Adaptive Performance

Adaptive Performance Jonathan Poland

Adaptive performance is the ability of an individual to perform well in changing, uncertain, and stressful situations. This type of performance is highly valued by employers, as it can help prevent inefficiencies and other problems that can arise when individuals are not able to adapt to changing circumstances. For example, if an employee is resistant to change, they may not be able to adapt to new technologies or processes, leading to inefficiencies and lost productivity. Similarly, if an employee lacks imagination or fails to think outside the box, they may be unable to come up with creative solutions to complex problems, again leading to inefficiencies and lost productivity. Overall, adaptive performance is an important quality for individuals to have in today’s fast-paced and constantly changing world. Employers who value this quality are likely to be more successful and efficient than those who do not.

Crisis Handling

Crisis handling such as a flight attendant who remains calm and professional in handling an in-flight emergency.

Fluid Intelligence

Fluid intelligence is the ability to solve problems in areas where you have little or no previous experience such as a passenger who can land an aircraft for the first time with voice direction from the ground.

Dealing With Ambiguity

Making reasonable decisions in a timely manner where information is missing. For example, a pilot who can work out where a runway is in extremely harsh conditions of low visibility.

Situational Awareness

Performance in fast moving situations that are often somewhat ambiguous but require decisive action such as a pilot who decides that a crosswind is manageable seconds before an aircraft touches down.

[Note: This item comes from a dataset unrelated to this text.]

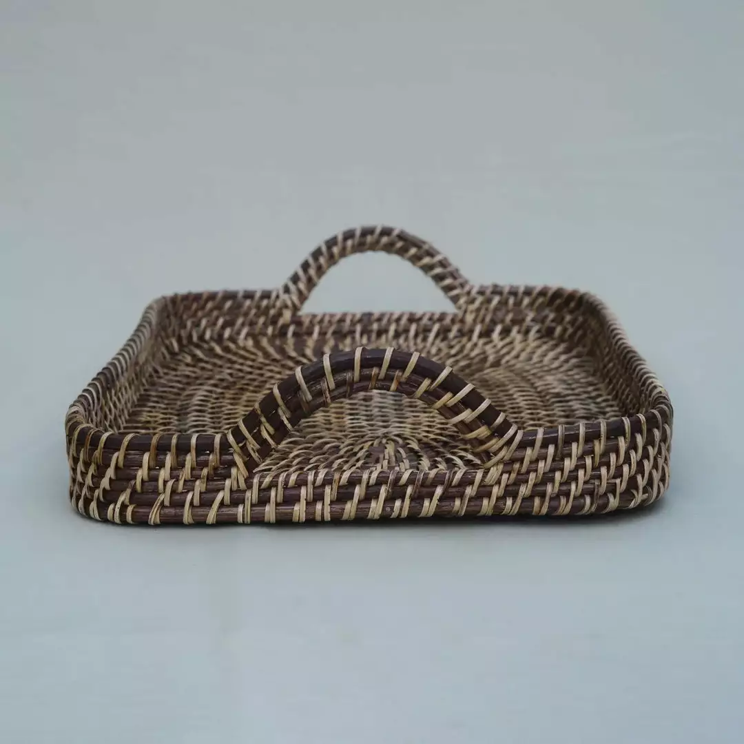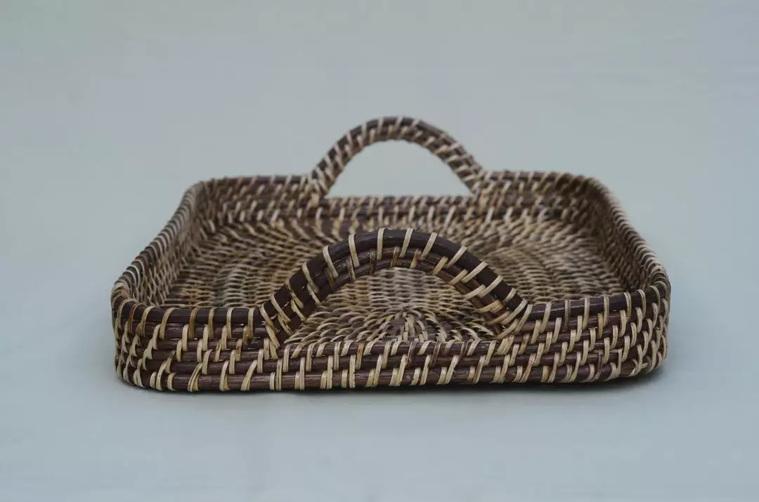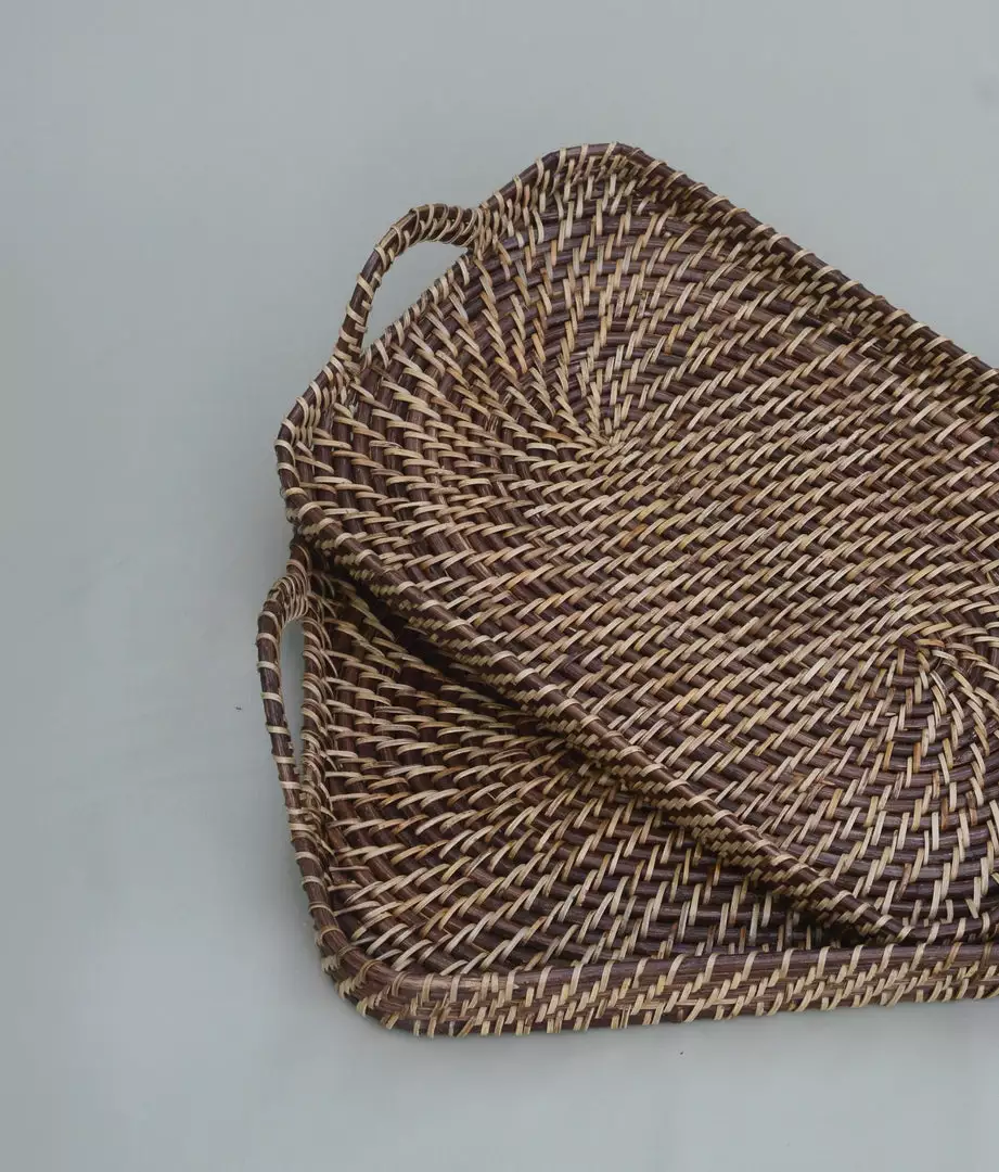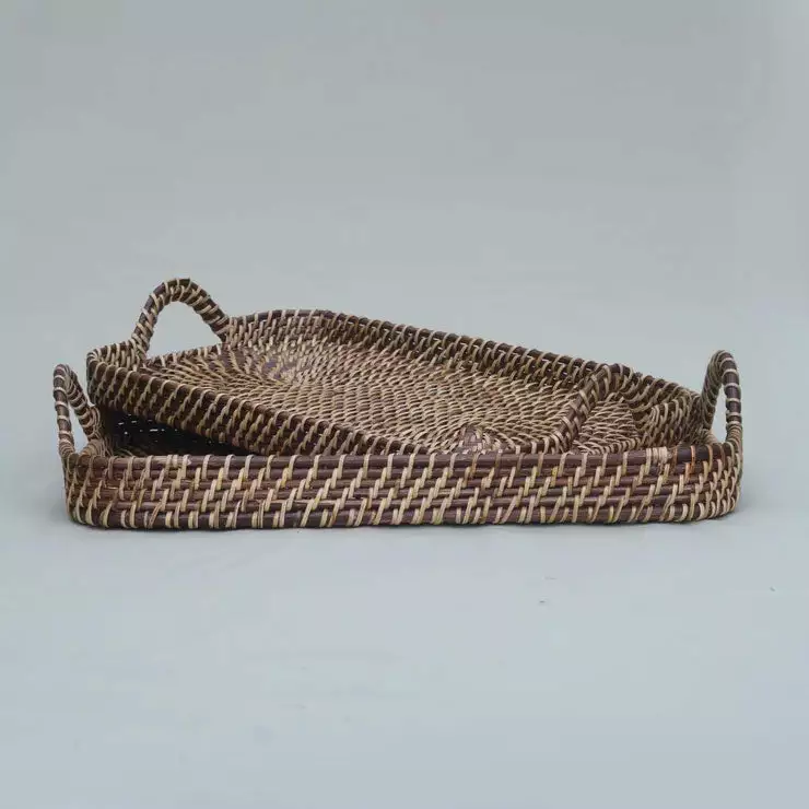 The Brown and Natural Rattan Rectangle Trays features natural rattan strips woven with brown rattan sticks to create a dynamic natural texture.

A willingness to consider new ideas and ideas that challenge your assumptions and experience. For example, a CEO of an oil company who is willing to consider that a business model they have been using all their life is no longer feasible or sustainable.

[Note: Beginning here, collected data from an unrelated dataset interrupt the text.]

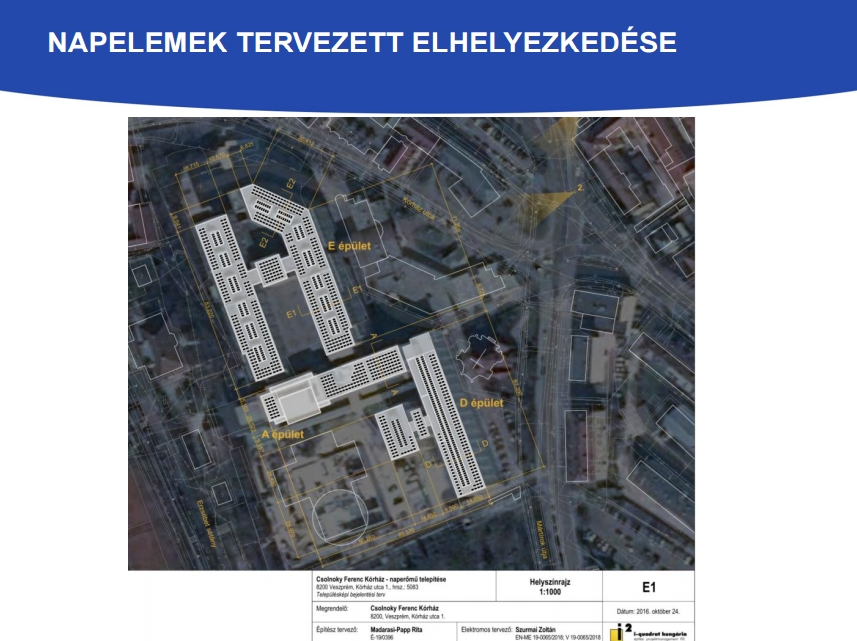 A kórház székhelyén az „A”, „D” és „E” épületek tetején helyezik el a napelem táblákat, melyek a nap sugárzását alakítják át közvetlenül villamos energiává, amit az intézmény helyben, saját felhasználására fordítja, csökkentve ezáltal a korszerű orvosi eszközök emelkedő energia költségét is. Optimális működése esetén évente több mint 11 millió forint értékű villamos áramot tudnak majd előállítani - hangzott el a projektindító sajtótájékoztatón péntek délelőtt.
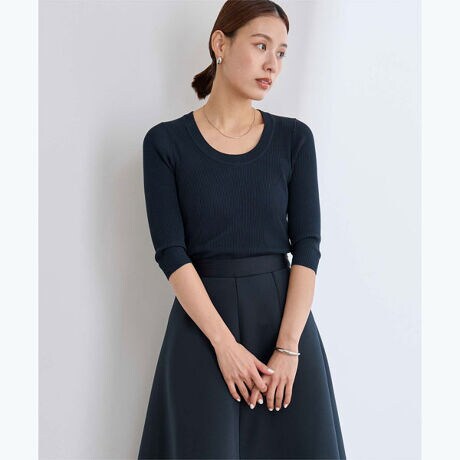 ベーシックに使えるUネックリブニットUネックが抜け感をプラスシーズンレスで活躍する七分袖フィットするシルエットでジャケットの下に合わせて頂くのもおすすめです。[型番:BFXU1840]
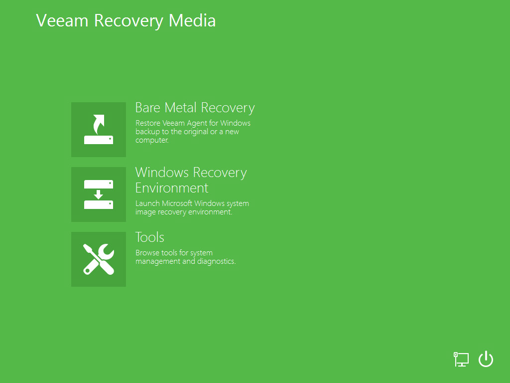 - Bare Metal Recovery — the Veeam Recovery Media wizard to recover data on the original computer or perform bare-metal recovery.
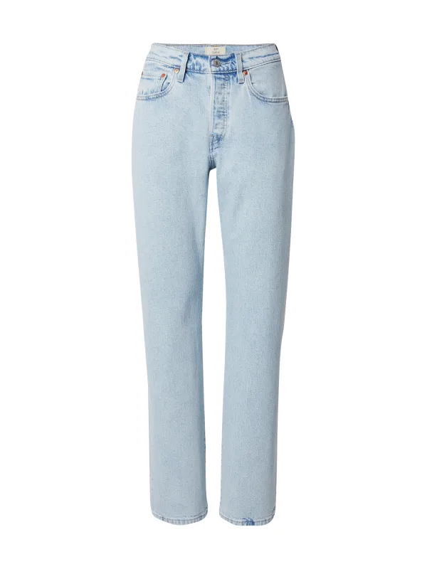 dames straight fit jeans van Levi's® 300;model '501®';look: denim;Pasvorm: straight fit;Applicatie: labelpatch;Details: riemlussen;Sluiting: knoop en verborgen ritssluiting;Zakken (onderstuk): 5-pocketmodel;Materiaal: katoenmix

A willingness to break rules if they make no sense. For example, an algorithm engineer who ignores low value meetings they are supposed to attend because they are working on something big.

Social Loafing

Social loafing is the observation that individuals often work harder on independent work than group work. This is often supposed to be a problem but can also be fully rational adaptive behavior. For example, an algorithm engineer who doesn’t say much in a very non-stimulating meeting about HR compliance issues because they don’t see what value they have to add.

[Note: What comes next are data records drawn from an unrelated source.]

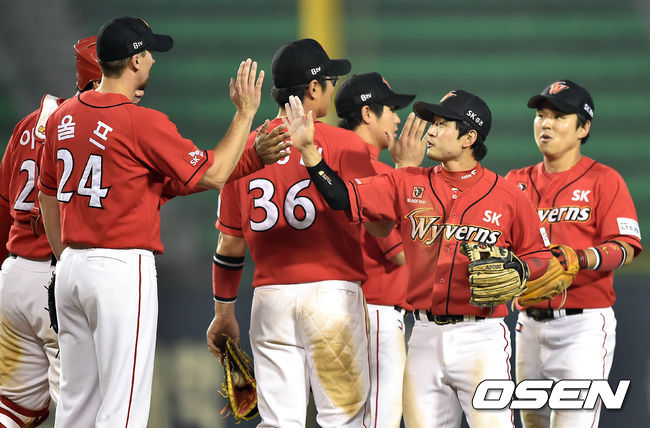 경기 종료 후 SK 선수들이 승리의 기쁨을 나누고 있다. /sunday@osen.co.kr
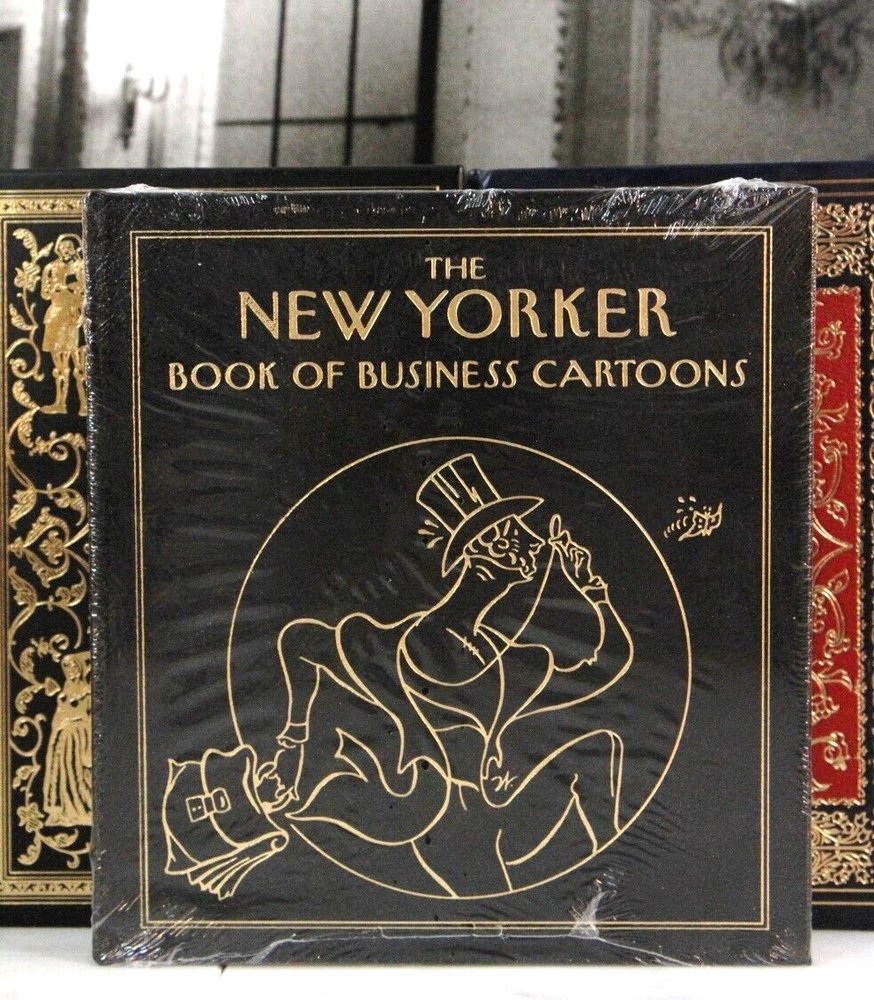 ***Copy of photos, personal formats, graphics, or text is prohibited . Ebay may drop listings with infractions. I review content regularly. Large Art or Coffee Table Books New Yorker Business Cartoons Author: Illustrations by Description: Condition : Sealed in original plastic. With original shipping box. This Fine Leather Book Features: Top grade, gold embossed/ornamented leather Gilded page ends to protect against dust and moisture Decorative end papers Acid neutral archival paper to last generations without discoloring or degrading
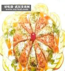 3)鸡胸肉扑点太白粉,将虾仁置于鸡胸肉上, 入热油锅中小火炸至色泽金黄取出沥干切块。 (文/伊迪文化传播供稿)
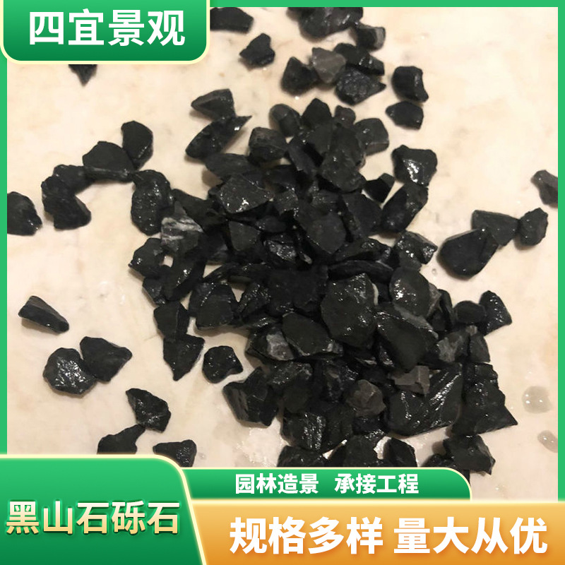 Pabrik grosir taman dekorasi penghijauan hitam pemoles umum sorot hujan bunga batu hitam kerikil hitam
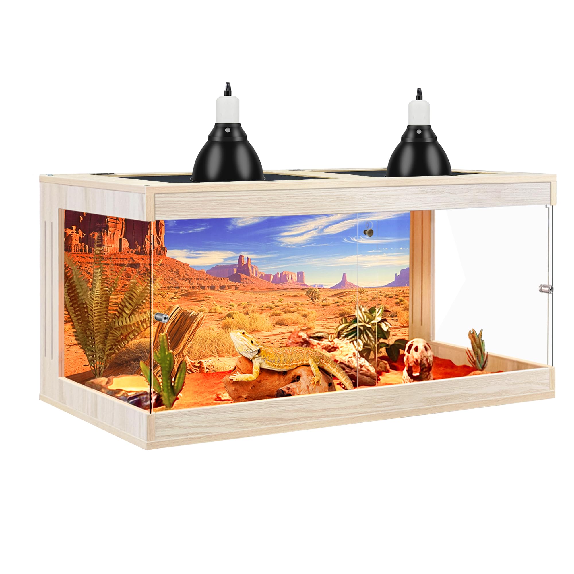 Bearded Dragon Tank, Tempered Glass, Terrarium with Metal Mesh Top, 3-Side Clear Anti-Scratch Glass, Oak,60 Gallons
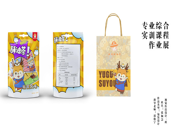 《专业综合实训》是视觉传达设计专业的重要专业课程。课程内容主要包含三个方面内容:品牌形象设计、商品包装设计、文创产品设计等实训项目。其中品牌形象设计项目包含品牌标志设计、品牌IP形象设计、品牌产品包装设计、图形延伸设计、插画设计等内容。此选题要求员工以甘肃少数民族传统文化为出发点,挖掘优秀文化元素,结合现代设计方法、理念为少数民族地区开发地方食品、工艺品等品牌的设计。在项目实训中,员工既感受少数民族文化的优秀成果,提升了同学们对甘肃文化自信,也体会到现代设计前沿知识的重要性。
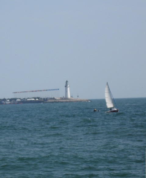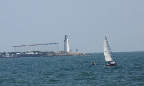 Tintenfisch (Moyu Jiaozi) und gehe dann zur Olympischen Stätte (Aofanjidi), wo 2008 der Segelwettbewerb ausgetragen wurde. Ich flaniere an den Yachten entlang hinunter zum Leuchtturm. Dort angekommen genieße ich die Aussicht auf die blinkenden Wolkenkratzer des neuen Qingdao – und auf das Meer, das ruhig und klar darliegt und noch mehr Geheimnisse verspricht, die ich morgen erkunden kann, in der Stadt am Gelben Meer.
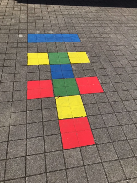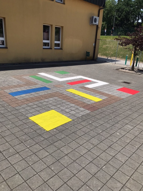 – poslikava tal z različnimi igrami v atriju šole, mentorica Tajka Šnuderl Novak,

Camaraderie is a sense of common purpose with a team such that you are willing to step in to fill gaps. For example, a hotel staff who is willing to manage the front desk suddenly with no training because the regular manager called in sick.

Fake It Till You Make It

Fake it till you make it is a willingness to try things that you are unprepared to try based on the realization this is sometimes a good way to learn. For example, a learner of Japanese who is willing to step into conversations that are way over their head as a means of gaining conversational experience.

Failure Resilience

The ability to bounce back from failure without loss of enthusiasm. This also implies that you take the failure seriously and try to learn from it as opposed to simply bouncing back out of denial or a narcissistic belief in your own greatness. For example, a goalie who performs terribly in one game who is able to return to full performance the next.

Stress Resilience

The ability to perform under high stress. For example, a goalie who can perform after being booed by their own fans and treated coldly by teammates.

Risk Taking

A capacity to take calculated risk. For example, a creative director at an advertising agency who is known for taking creative risks that often work out.

Physical Adaptability

It is common for manual and technical work to require physical adaptability. For example, an elevator repair person who is comfortable working in heights, confined spaces and dusty environments.

Cultural Adaptability

Cultural intelligence and the ability to adapt to different cultural expectations, norms and practices. This can include national cultures and organizational cultures. For example, an individual who has worked for a government department for many years who must adapt to the culture at an investment bank where expectations, norms and practices are completely different.


Creativity is a type of adaptive performance whereby an individual is able to overcome the obvious and cliche solutions that easily come to mind to reach beyond what other people have already figured out.

Tolerance for Mediocrity

Adaptive performance is often a trade-off with other traits such as patience. For example, individuals with very high adaptive performance may be impatient with red tape, resistance to change and organizations that prioritize group harmony over performance. Some organizations are too rigid for adaptive performers such that they are likely to leave. In other words, adaptive performance is a culture as much as it is an individual capacity.